Two types of fracture tests were conducted on the squid/PAAm DN gels and corresponding pure squid and heated squid to evaluate their anisotropic fracture toughness values34. For the single-edge notch test, samples were cut into rectangular shapes (70 mm gauge length and 7 mm width) with or without an initial notch (notch length c = 2 mm) on the edge of the long axes of the samples. The samples were then uniaxially stretched at constant velocities of 100 mm/min using an Instron 5965 commercial tensile tester. For the trouser tear test, samples were cut into trouser shapes (pure squid and heated squid: 70 mm in length with legs 30 mm in initial length and 15 mm in width; squid/PAAm DN gel: 50 mm in length with legs 20 mm in initial length and 7.5 mm in width). Tearing was performed by pulling one leg of the sample at a constant velocity of 500 mm/min using an Instron 5965 to induce crack growth.

Notch introduction tests

Notch introduction tests of the squid/PAAm DN gels were conducted to demonstrate their high fracture resistance characteristics. We hung rectangular DN gel (70-mm length and 7-mm width) with 500 g weight and then imposed the crack on the C–T plane or L–T plane with scissors; the sample size was the same as the single-edge-notch test.

Statistical analysis

The Student’s t-test was used in the Supplementary information to check for the statistical significance values of different groups, and a two-sided p< 0.05 was considered significant.

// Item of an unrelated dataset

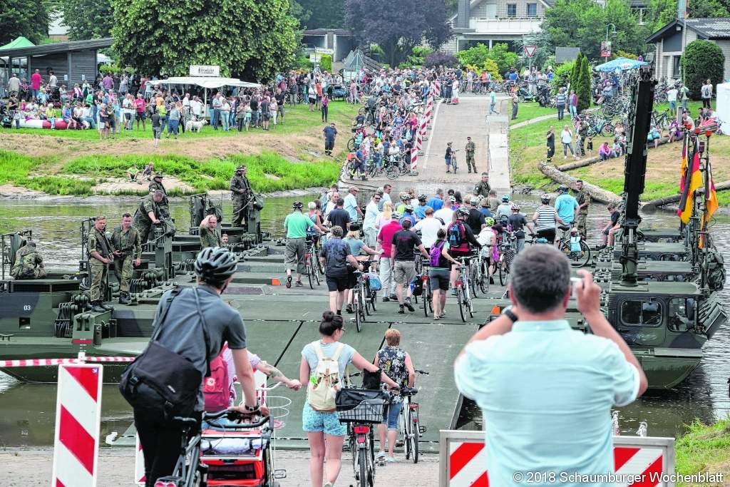 RINTELN (ste). 55 Kilometer autofreie Strecke zwischen Rinteln und Bodenwerder, geschätzte 62.000 Teilnehmer, trockene 20 Grad, acht Stunden gesperrte Straßen und jede Menge Erlebnismöglichkeiten entlang der Strecke sind die technischen Daten eines "Felgenfestes im Wesertal", das schöner und stressfreier wohl kaum sein konnte. Polizei und Rettungsdienste bilanzierten so gut wie keine Einsätze, schwere Verletzungen wurden nicht gemeldet, der Fährbetrieb in Großenwieden durch Pioniere der Bundeswehr funktionierte einwandfrei und wieder einmal war genau hier die Stelle, an der sich die meisten Besucher sammelten und wo die Schätzungen über die Teilnehmerzahl vorgenommen wurden. Die Bundeswehr hatte sich in diesem Jahr dazu entschieden, auf die Pontonbrücke zu verzichten und stattdessen einen Fährbetrieb mit einem Amphibienfahrzeug eingerichtet. Damit konnten mehr als 100 Radler gleichzeitig über die Weser gebracht werden. Eine Attraktion, die besonders viele Radler aus Richtung Rinteln und Hameln anlockte. Wer Lust und Laune auf Kombinationen von Bahn, Schiff und Rad hatte, für den gab es verschiedene Angebote der Nord-West-Bahn, der Deutschen Bahn und der "Flotte Weser", wo während des Felgenfestes die Mitnahme von Rädern kostenfrei möglich war. Unterwegs auf der Strecke gab es immer wieder Möglichkeiten zur Versorgung, und die wurden auch reichlich genutzt. Rinteln hatte als Start- und Zielort des Felgenfestes den beliebten Bauernmarkt mit regionalen Produkten im Angebot und wer kurz vor Ende des Felgenfestes über diesen Markt schlenderte, stand häufig vor leeren Tresen: "Alles verkauft!" Foto: ste

Preparation of the squid/PAAm composite

The defrosted squid mantle was immersed in the second network precursor solution. The secondary PAAm network was then synthesized from the monomer and cross-linker in the presence of a squid mantle to prepare squid/PAAm-X gels by thermal polymerization at 65 °C, where X is the molar feed concentration of AAm for polymerization (Fig. 1b). For the squid/PAAm-6 DN gel, the formation of the squid/PAAm composite was confirmed by Fourier transform infrared spectroscopy (Supplementary Fig. 1a), and its composition ratio was estimated to be approximately 69.2 wt.% water, 18.0 wt.% PAAm, and 12.8 wt.% solids derived from squid (Supplementary Note 1). PAAm was uniformly distributed in the squid/PAAm DN gel (Supplementary Fig. 1b, c), suggesting the sufficient penetration of AAm monomers in the mantle.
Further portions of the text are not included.